1. Adobe Photoshop implements generative AI tools. What’s next? 🤖

  • Adobe, the legacy birthplace of fake imagery, implemented a tool that can add or remove objectives, change backgrounds with contextual accuracy and more.

  • Canva also has these if you want to go and try it for free there.

  • Image editing with AI is still magical the first time you try it, and I highly recommend you do.

  • All this being said, generative AI is basically becoming mainstream.

  • Not because almost every one (Microsoft, Google, Snap (bad rollout), TikTok (soon), and more have their own application. It’s because people’s parents are doing this. It’s within reach for everyone. The Facebook moment is kicking in. We’re reaching peak mainstream.

  • What’s next?

  • Think of it as the Spotify moment. Spotify was once the hot new tech kid on the block with its ai-powered recommendations. Now, we barely think twice. It’s embedded. Nobody’s freaking out about radio losing their job. We barely remember a time before algorithmic music streaming. Spotify’s weekly recommendations still feel like magic to me, and that’s not entirely unlike most generative AI tools.

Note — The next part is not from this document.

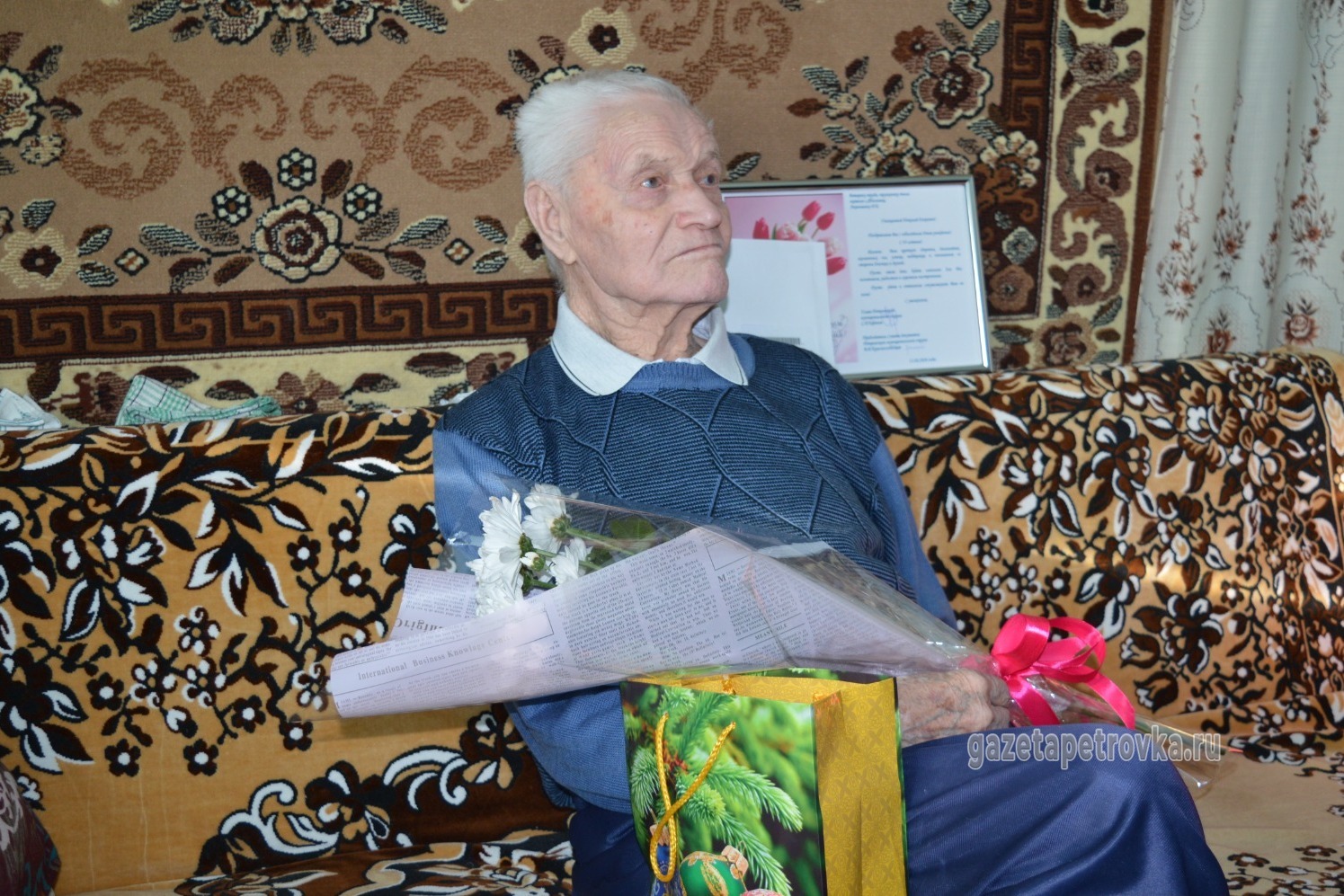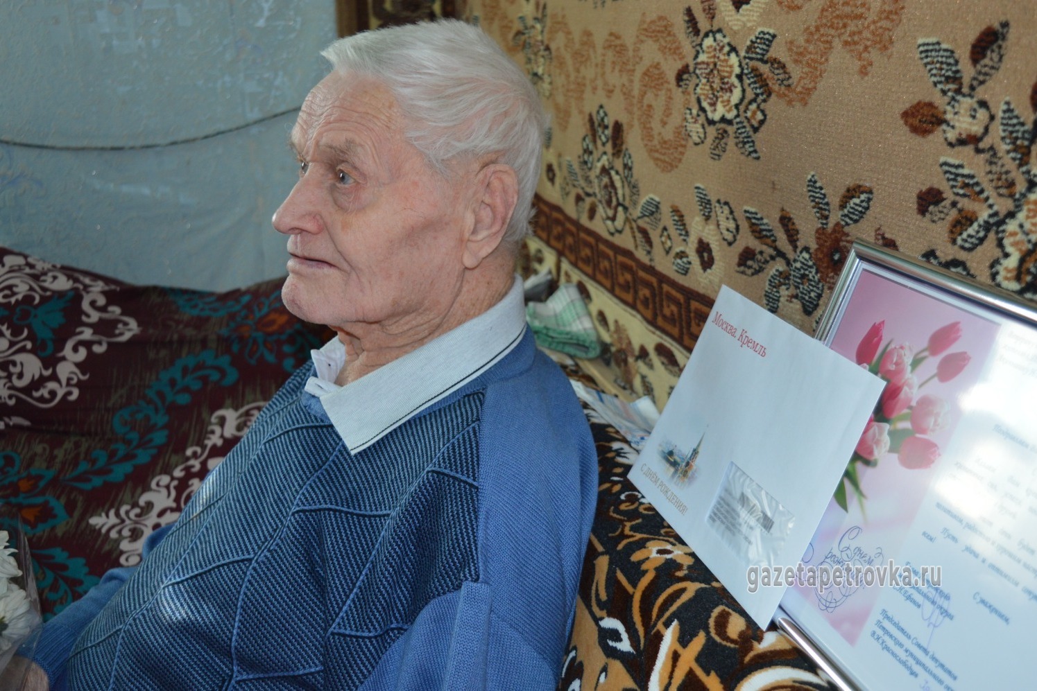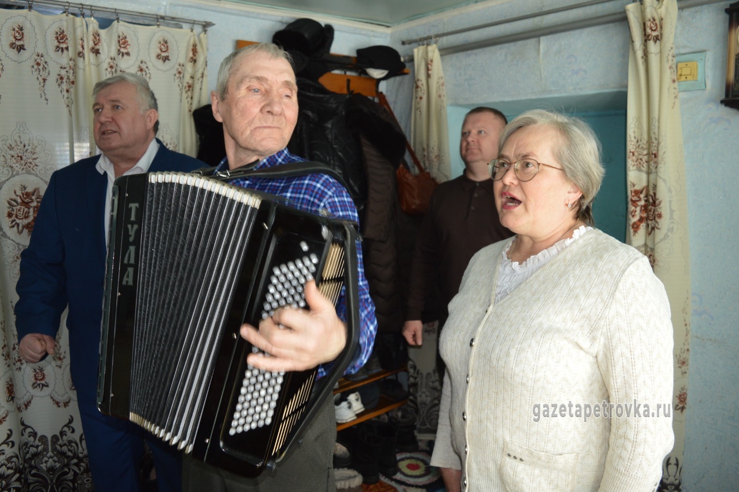 В день юбилея письмо с поздравлением дедушка получил из московского Кремля. Труженика поздравил президент РФ Владимир Путин. Уважаемого долгожителя навестили управляющая делами администрации Петровского муниципального округа Наталия Дворецкая, начальник Шехманского теротдела Алексей Рябухин, представитель местной ветеранской организации Светлана Мирошниченко. Знаменитые композиции исполнили сотрудники Петровского досугового центра, Олег Фролов и Анатолий Мосякин. Дедушке передали поздравительный адрес от руководителей округа и памятные подарки.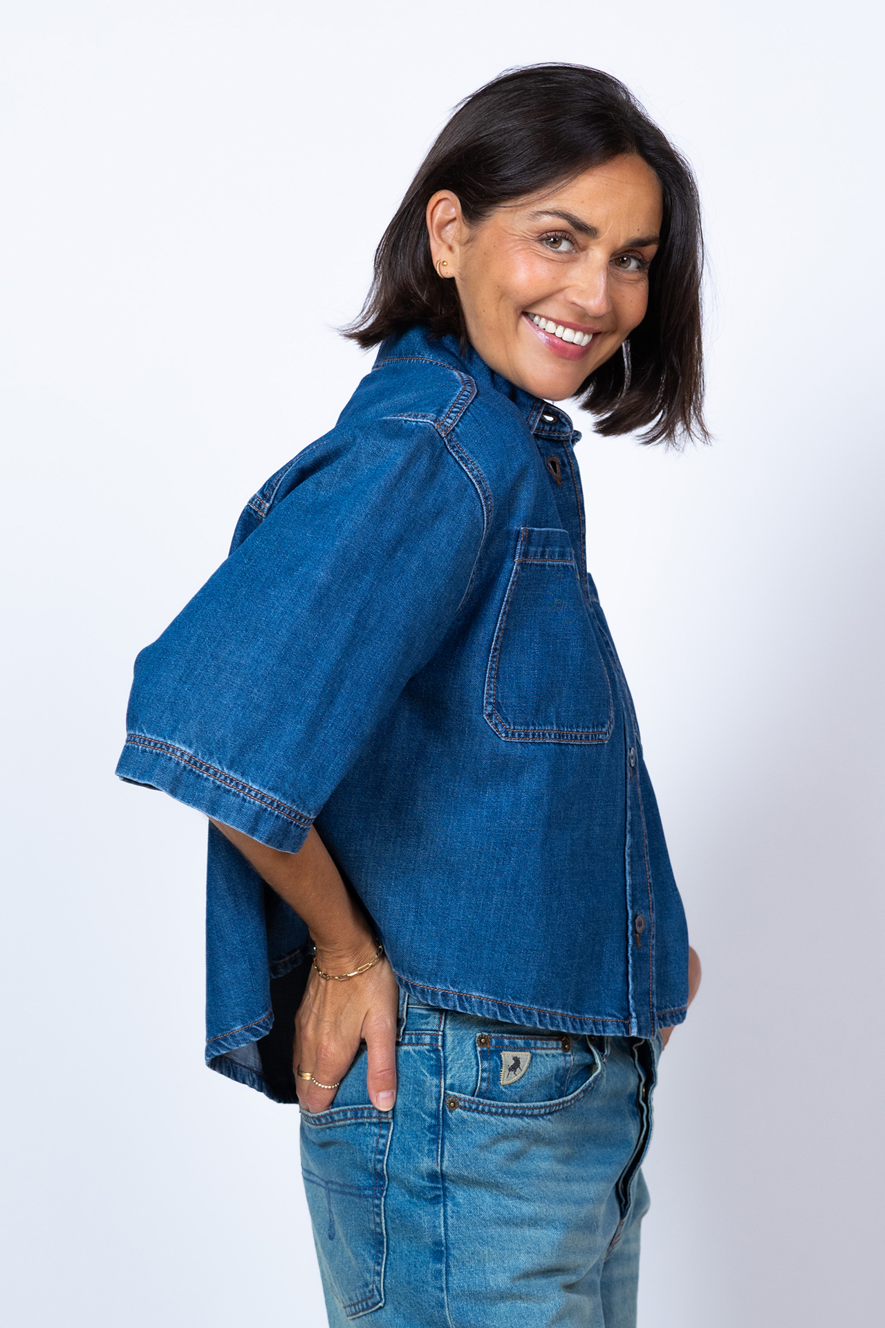 Boxy jeansjasje met korte mouwen en opgestikte borstzakken

  • A lot of the tools seem somewhat similar at the moment. We’re converging. Partially because many tools are based on ChatGPT (chatbot) or Stable Diffusion (open source image generation).

  • Interfaces - this is one other avenue for innovation. Currently, we’re communicating via chatbot. But just like how the smartphone brought internet into our pockets, I’m curious what our next form of engagement with AI will look like. Perhaps videochat? Actually, that brings me to the next point.

Otter’s transcriptions

  • Otter joins your Google Meets, Zooms to take meeting notes. At the end of the meeting, you’ll be sent the transcript including screenshots of presentations and more.

  • I typically take pretty intensive meeting notes, breaking down from takeaways to actionables - but I’ve been using Otter for some work meetings and it’s been wonderful. I still take my own notes but much less.

  • It feels different to have an OtterPilot in the room. It’s literally like another person joining into your Zoom call and automating your common intern duties for you: taking notes.

  • It’s shocking how quickly you get used to always having Otter around. Whenever we’re not sure of what someone said last meeting, or a decision that was taken, we can just pop into the Otter notes and double check. Makes for a great workflow and second brain mindset.

  • Pricing: free tier with up to 300 monthly transcription minutes.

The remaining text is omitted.